- [YOUR GOAL]: Exactly the lines below from the line with "- ✿【Sunscreen Setting" through the line with "Преимуществом комплекта является" must make up the answer, both ends included and pictures left out.

- [WORKING DATA]:

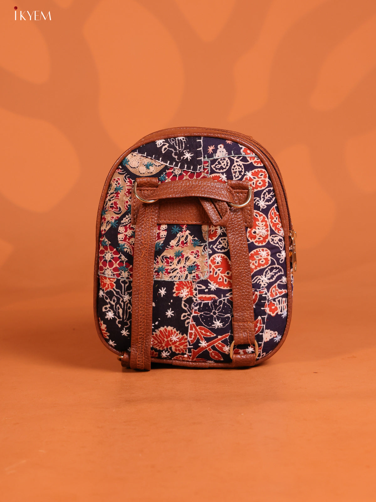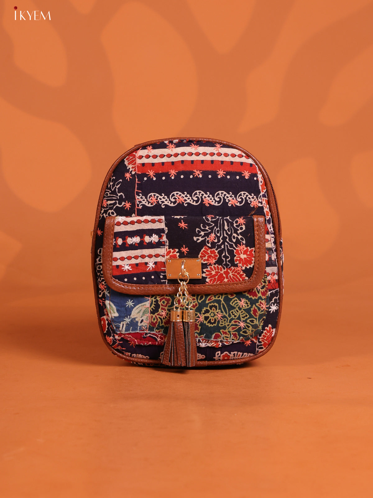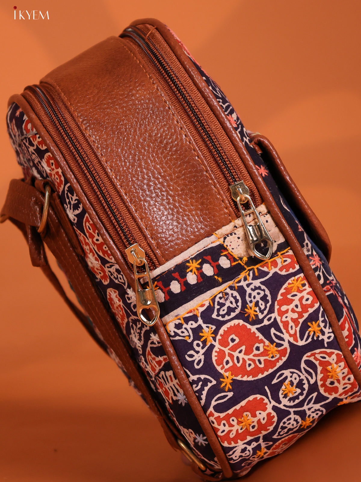 Embroidered Cotton Floral Back Bag Flap with 2 Compartments -Navy Blue with Orange - KD26657
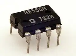 Die integrierte Schaltung NE555 ist ein aktives elektronisches Bauelement, das einen Ausgang unter bestimmten Bedingungen ein- oder ausschaltet. Es eignet sich sehr gut für Zeitsteuerungen und Taktgeber und wird teils sogar in Schaltnetzteilen verwendet. Vorgestellt wurde der NE555 – häufig abkürzend auch nur als 555 bezeichnet – erstmals 1972 vom US-amerikanischen Halbleiterhersteller Signetics. Aufgrund seiner Robustheit und Zuverlässigkeit wird er auch heute noch eingesetzt, wobei seine Einsatzgebiete vom Spielzeug bis hin zur Raumfahrt reichen. Der NE555 ist die weltweit meistverkaufte integrierte Schaltung.[1]
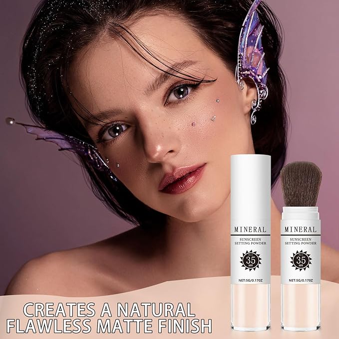 - ✿【Sunscreen Setting Powder】Light breathable mineral powder provides the perfect matte finish, can be worn alone or under, over, or with your existing makeup routine for smooth, comfortable, and flawless sweat and water-resistant SPF35 coverage.
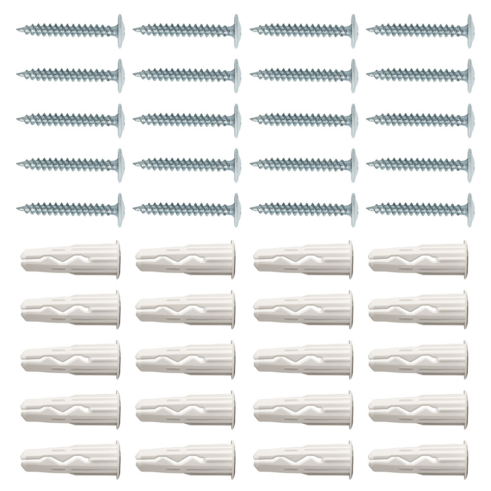Преимуществом комплекта является универсальный нейлоновый дюбель, который монтируется в любые стены — бетон, кирпич, гипсокартон, газобетон, пенобетон и обеспечивает надежное крепление в стене.
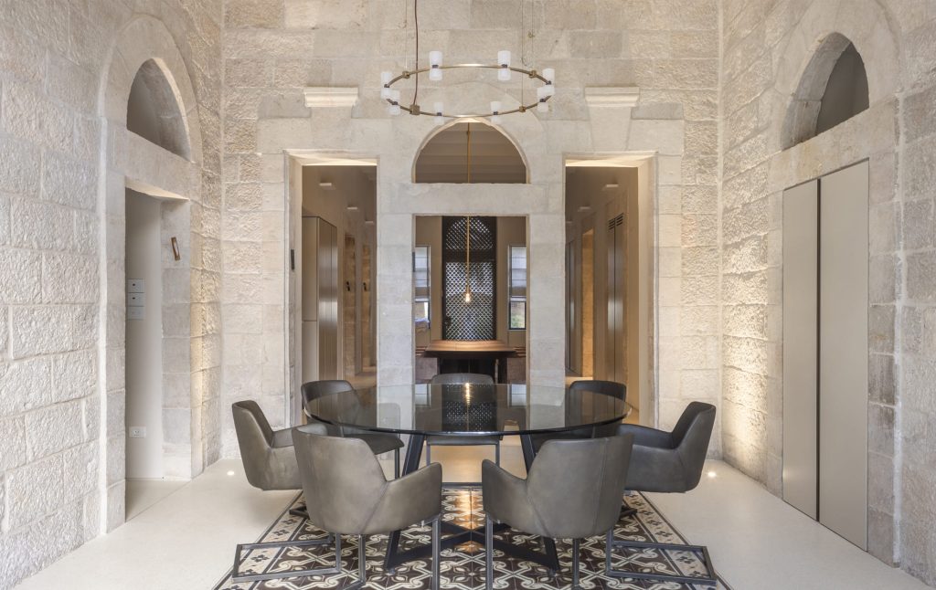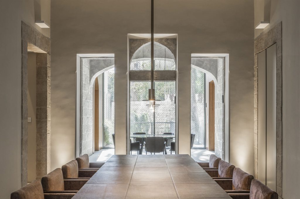 כאשר משפצים מבנה קיים, ובוודאי כאשר מדובר במבנה לשימור, השאלה המרכזית היא כיצד תשתלב הבנייה החדשה במה שכבר קיים. במקרה הזה, במקום לטשטש את החיבור בין הישן לחדש וליצור מראה הומוגני, הוחלט דווקא להדגיש את המפגשים באמצעות חיפויי עץ ונגרות, הממשיכים את הבנייה ההיסטורית באבן. "לא ניסינו לחקות את השכבה הקיימת ולהיטמע בתוכה. השכבה החדשה נבנתה בטכנולוגיות ובחומרים עכשוויים, והיא מחזקת את הנוכחות של השכבה ההיסטורית. כל אחת נוצרה בתקופה אחרת, והצופה, שאינו יודע מה נבנה מתי, רואה את השכבות החשופות. השוני ביניהן יוצר אסתטיקה חדשה."
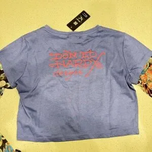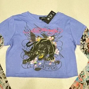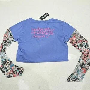 Ed Hardy blue long sleeve top with tattoo graphic. Features colorful design on sleeves. Beautiful bright colors. Pink blue, purple, black and grey tattoo sleeve long sleeve t shirt crop top.
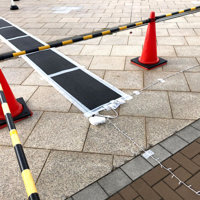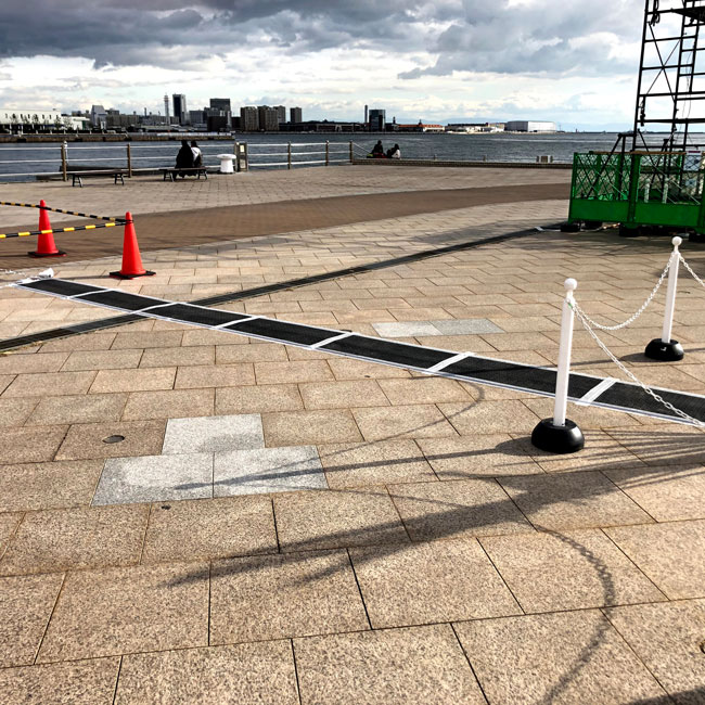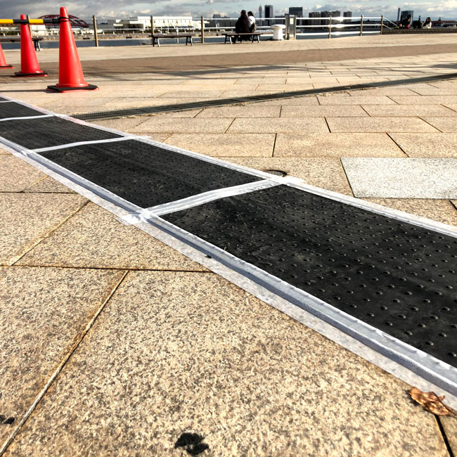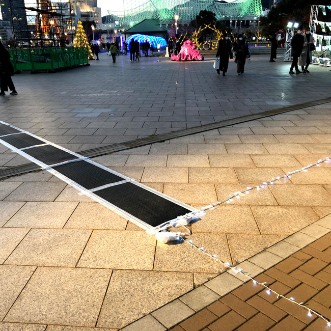 何度かご紹介している使われ方ですが、たくさん使われている現場がありましたので写真を撮ってきました。イルミネーションの電飾を灯すためのケーブルがいくつも敷かれていて、そのケーブルを保護したり足でひっかけて転倒しないためにゴムマットをケーブルの上にかぶせています。
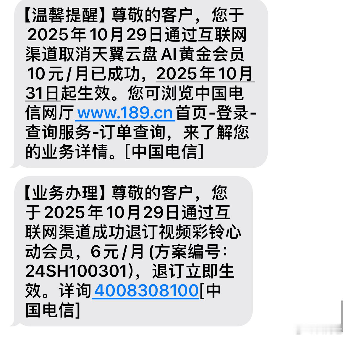 然而,换套餐的时候,给我莫名其妙勾选了俩新业务:彩铃和云盘,一个每月6月,一个每月10元。

- [ANSWER FOR THIS EXERCISE]:
 - ✿【Sunscreen Setting Powder】Light breathable mineral powder provides the perfect matte finish, can be worn alone or under, over, or with your existing makeup routine for smooth, comfortable, and flawless sweat and water-resistant SPF35 coverage.
Преимуществом комплекта является универсальный нейлоновый дюбель, который монтируется в любые стены — бетон, кирпич, гипсокартон, газобетон, пенобетон и обеспечивает надежное крепление в стене.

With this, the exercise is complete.